Contrary to popular belief, dates are also an ideal food for people dealing with diabetes and hypoglycemia, because they deliver vital glucose to the liver—addressing the very glucose loss that’s responsible for blood sugar issues. They’re also ideal for athletes and other adventurous and active people, as the high potassium and fruit sugar content is perfect for refueling the brain and muscles, which rely on glucose to power you through exercise.
Dates are rich in nearly 70 bioactive minerals (much higher than is documented) that support the adrenal glands to help you handle life’s daily challenges. One of the most heart-healthy foods available, dates also contain a record-breaking, undiscovered amount of amino acids. Similar to what happens with bananas, the amino acids in dates, such as leucine, help elevate the fruit’s potassium to its highest potential in sustaining and fortifying muscles and nerves. This process also stops lactic acid from taking over the body when it’s under stress.
Dates are a warming food that expels dampness from organs such as the spleen and liver, though not to the point of creating unproductive dryness. Dates are also abundant in anti-cancerous properties, making them a must for anyone seeking disease prevention and optimal health.
If you have any of the following conditions, try bringing dates into your life:
If you have any of the following symptoms, try bringing dates into your life:
Blood sugar imbalances, mucus in the stool, Candida overgrowth, constipation, muscle fatigue, earache, dizziness, shortness of breath, vaginal pain, heart palpitations, anxiousness, sweats, urinary urgency, lack of focus and concentration, tremors, food allergies, sleep disturbances, panic attacks, ringing or buzzing in the ears, spasms, tics, head pain, headaches, gum pain, ear pain, cough, confusion, brain fog
Eating dates can put up a shield around you, providing protection from people who feel jealousy toward you. And while you sleep, they help to release your own stored-up toxic emotions— such as fearfulness, shame, demoralization, and the sense of being judged, wronged, or bullied. Ultimately, dates strengthen your sense of purpose so you can be your most productive and enthusiastic.
Dates teach us to shift from selfishness to selflessness.
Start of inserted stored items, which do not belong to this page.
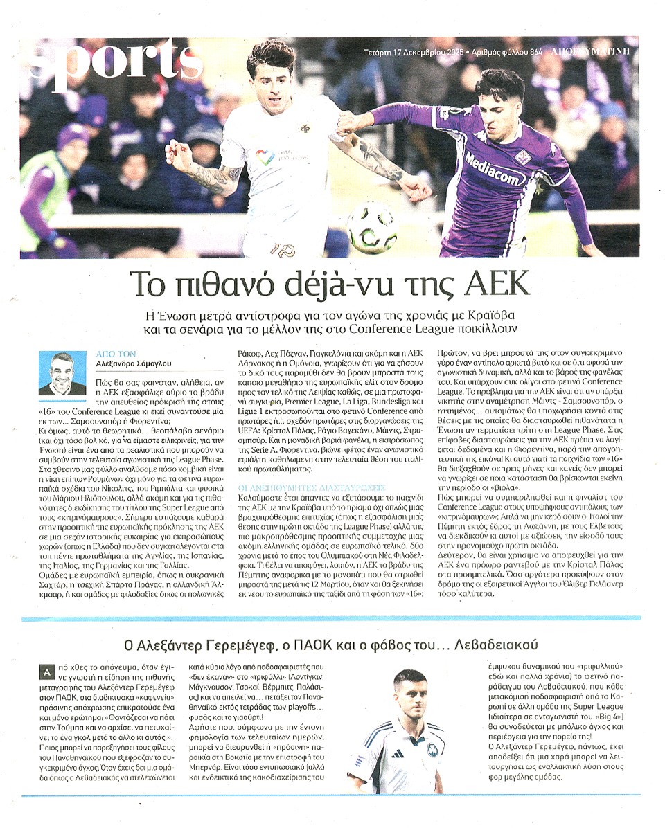 ΑΠΟΓΕΥΜΑΤΙΝΗ - 17 Δεκεμβρίου 2025
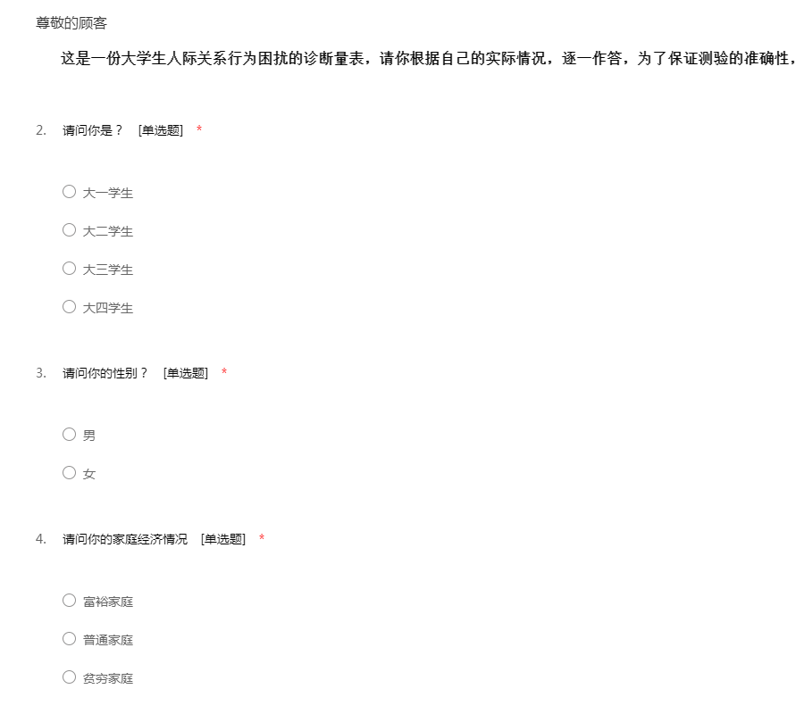这是一份大学生人际关系行为困扰的诊断量表,请你根据自己的实际情况,逐一作答,为了保证测验的准确性,请你认真作答。
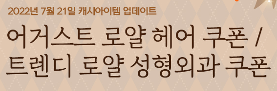 7월 21일(목) 오늘 캐시아이템 업데이트 후 어거스트 로얄 헤어 쿠폰과 트렌디 로얄 성형외과 쿠폰이 업데이트 됐습니다.
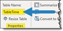 Lastly, we will give the table a proper name of “TableTime” in the Table Design (tab) -> Properties (group) -> Table Name field.
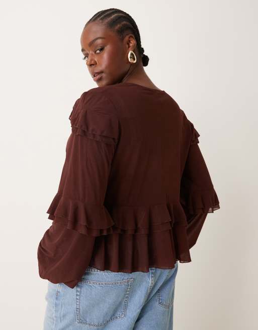 Product Name: Chocolate mesh ruffle blouse sales
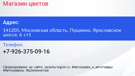 Магазин цветов по адресу 141205, Московская область, Пушкино, Ярославское шоссе, 6 ст1 в дальнейшем Организация, размещена в следующих категориях:
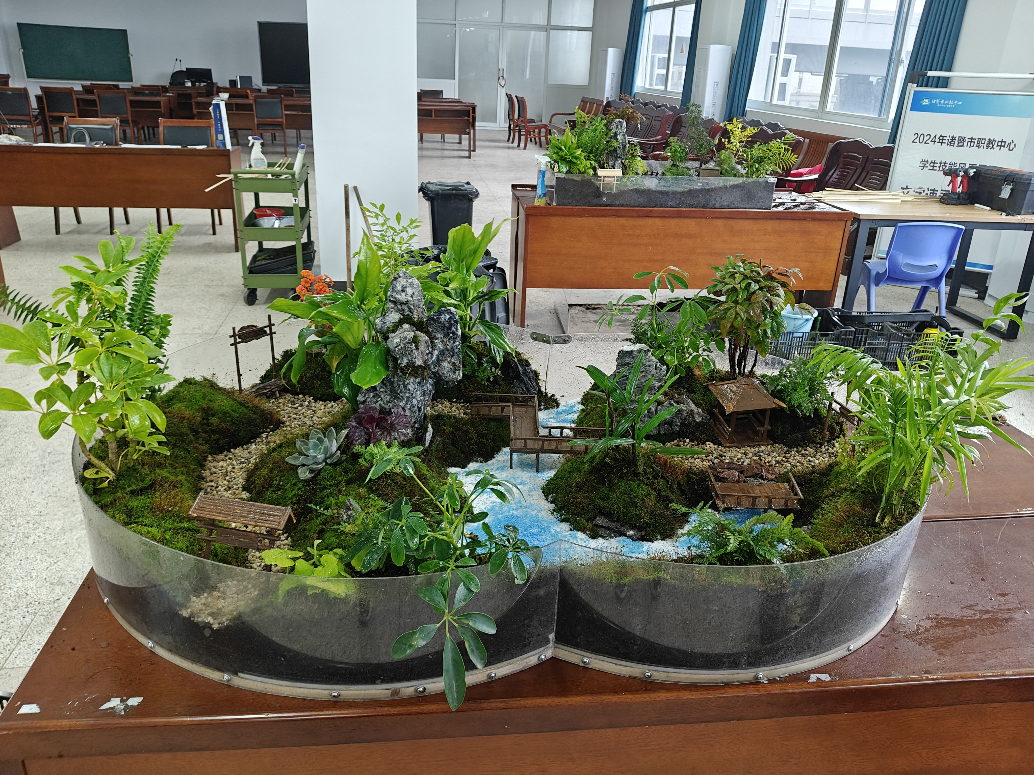 在微景觀設(shè)計(jì)與制作項(xiàng)目中,參賽團(tuán)隊(duì)需要在規(guī)定的兩小時(shí)內(nèi),根據(jù)自定的主題和容器等器材,完成園林微景觀的設(shè)計(jì)與制作。選手們充分發(fā)揮創(chuàng)意,巧妙構(gòu)思,將園林美學(xué)與實(shí)際操作技能相結(jié)合,呈現(xiàn)出一個(gè)個(gè)精美絕倫的微景觀作品。他們互相配合,合理安排工作流程,安全施工,最終成功協(xié)作完成了園林微景觀的制作。這一過(guò)程中,不僅展現(xiàn)了學(xué)生們的專業(yè)技能,更體現(xiàn)了他們團(tuán)隊(duì)協(xié)作和解決問(wèn)題的能力。(黃靈平)

Their sweet, nourishing nature can be positively addicting—their delicious flavor so enjoyable that we tend to want to keep them all to ourselves. The lesson is in holding back from hoarding your supply of dates. Eat only a few at a time, so you can share your bounty with others. Watching friends and family smile as they take the dates’ sustenance into their bodies will help you cleanse yourself of greed, reorient toward giving, and ultimately recognize the truth that connecting to your inherent selflessness is an essential component of spiritual success.
* To experience dates’ maximum benefits, eat four to six daily.
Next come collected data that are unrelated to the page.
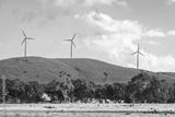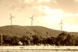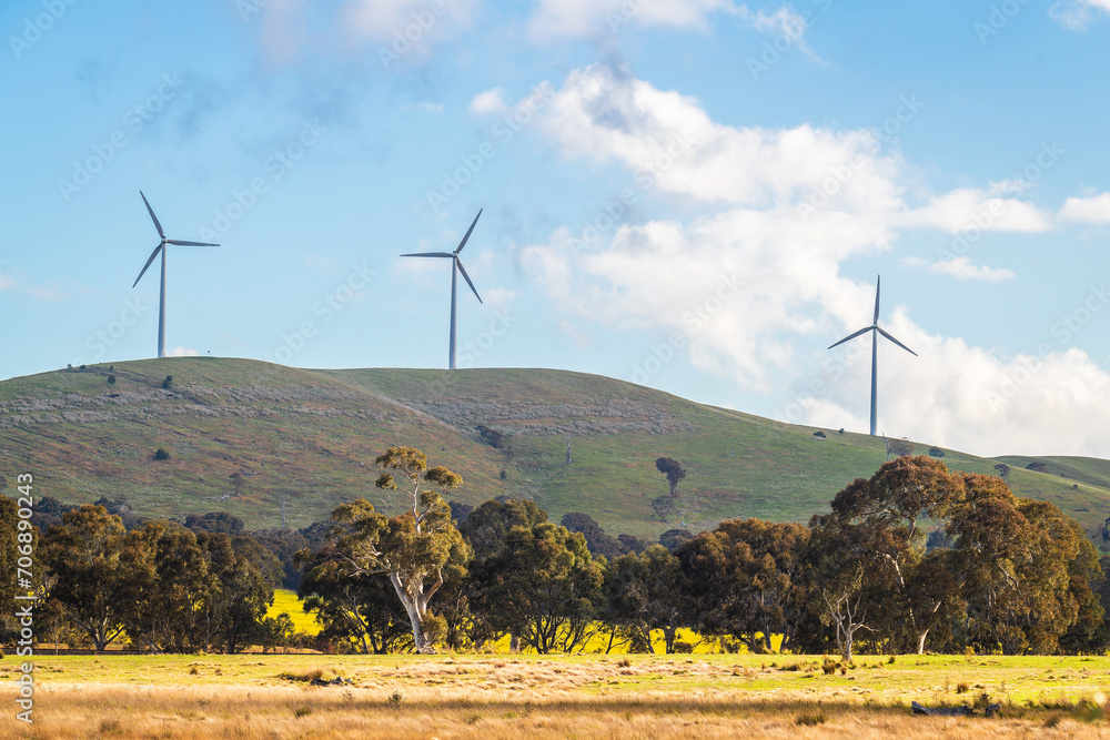Australian sustainable energy wind turbines in rural Victoria viewed from the highway, Australia
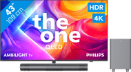 Verbeter het geluid van je televisie met de Philips Ambilight 43'' PUS8000 4K (2025) + Philips TAB6100 tv en soundbar bundel.
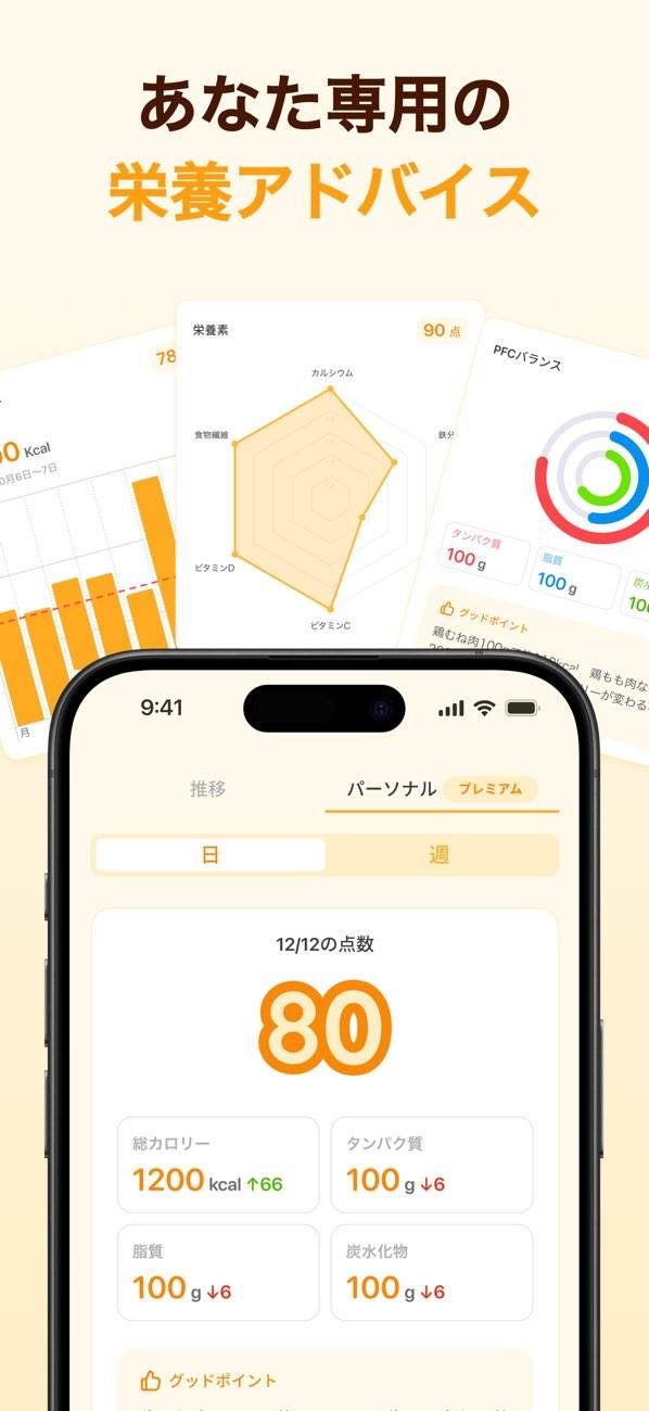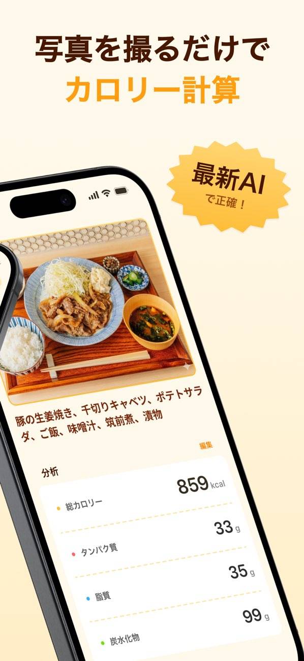 - 食事の写真を撮るだけで、カロリーやPFCバランスを自動で算出

* If you’re in need of a better night’s sleep, eat one date two hours before you retire for bed.
* For a more profound experience from whichever form of meditation you choose, eat three dates before you begin your session.
* When you’re packing for a trip that involves uncertainty about when, where, or how you’ll find food along the way, seal one date in plastic wrap and stow it in your pocket or baggage. You don’t have to actually eat the date on your journey (although it’s great for an emergency)—rather, this traveling date will be your good luck charm to help ensure you never go hungry.